Lo and behold, it made her uncomfortable, and lo and behold, she pretended it never happened.

“A year or two later, Mr. Gates was on a trip to New York on behalf of the Gates Foundation,” The Times reported. “He was traveling with a woman who worked for the foundation. Standing with her at a cocktail party, Mr. Gates lowered his voice and said: ‘I want to see you. Will you have dinner with me?’ according to the woman.”

The woman reportedly laughed it off and nothing more came of it.

Overall, six sources who worked with Gates in his various ventures said his penchant for making clumsy passes at female employees created an awkward and toxic work environment.

There aren’t accusations Gates’ behavior was predatory or negatively affected the women’s careers. However, Gates is the face of one of the most powerful corporations on earth. The idea that an invitation to an extramarital affair might end poorly if refused — or at the very least, that there was a severe power imbalance involved — was more than just an implication.

At the very least, Gates isn’t being taken to the proverbial cleaners; the couple has already agreed to a separation contract to divide their roughly $130 billion fortune and both have pledged to give most of it away while they’re alive. That said, Bill Gates’ behavior raises serious questions about the atmosphere at Microsoft and the Gates Foundation.
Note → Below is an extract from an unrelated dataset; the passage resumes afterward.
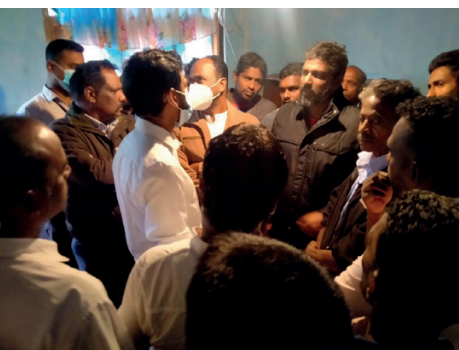
இதுவரையில் மீட்கப்பட்டுள்ளதுடன், ஏனைய இருவரையும் தேடும் பணிக்காக மேலதிக இராணுவத்தினரையும், அதிரடிப்படையினரையும் மீட்பு பணியில் ஈடுபடுத்துமாறு ஜீவன் தொண்டமான் அதிகாரிகளுக்கு வேண்டுகோள் விடுத்துள்ளார்.

■ ஆரமலன் கெட்டபுலா, அக்கரவத்த தோட்டத்தில் ஆற்று வெள்ளத்தால் அடித்துச் செல்லப்பட்டு உயிரிழந்தவர்களை மீட்க மேலதிக படைகளை களத்தில் இறக்க வேண்டுமென சம்பந்தப்பட்டவர்களுக்கு பாராளுமன்ற உறுப்பினர் ஜீவன் தொண்டமான் வேண்டுகோள் விடுத்துள்ளார். குறித்த அளர்த்தத்தில் பாதிக்கப்பட்ட மூன்று குடும்பங்களையும் நேற்று (4) சந்தித்த ஜீவன் தொண்டமான், தனது அனுதாபங்களை தெரிவித்துள்ளதுடன், அந்த குடும்பங்களுக்கு நிதியுதவியும் வழங்கி வைத்தார். இவ்வாறு நீரில் அடித்துச் செல்லப்பட்டு காணாமல் போன மூவரில் ஆண் ஒருவரின் சடலம் மாத்திமே

Beyond that, however, the reports could mark an ugly end to what’s been one of the more surprising second acts in American corporate history.

Gates was long thought of as the Darth Vader of the computer industry; Microsoft’s questionable business practices and soulless software platforms made the company one of the most unloved monopolies in recent memory at the height of the Windows/Microsoft Office empire in the 1990s and 2000s. However, he managed to reinvent himself as a do-gooder whose focus on eradicating disease and poverty had his name — along with Melinda’s — being mentioned as a possible Nobel Prize candidate.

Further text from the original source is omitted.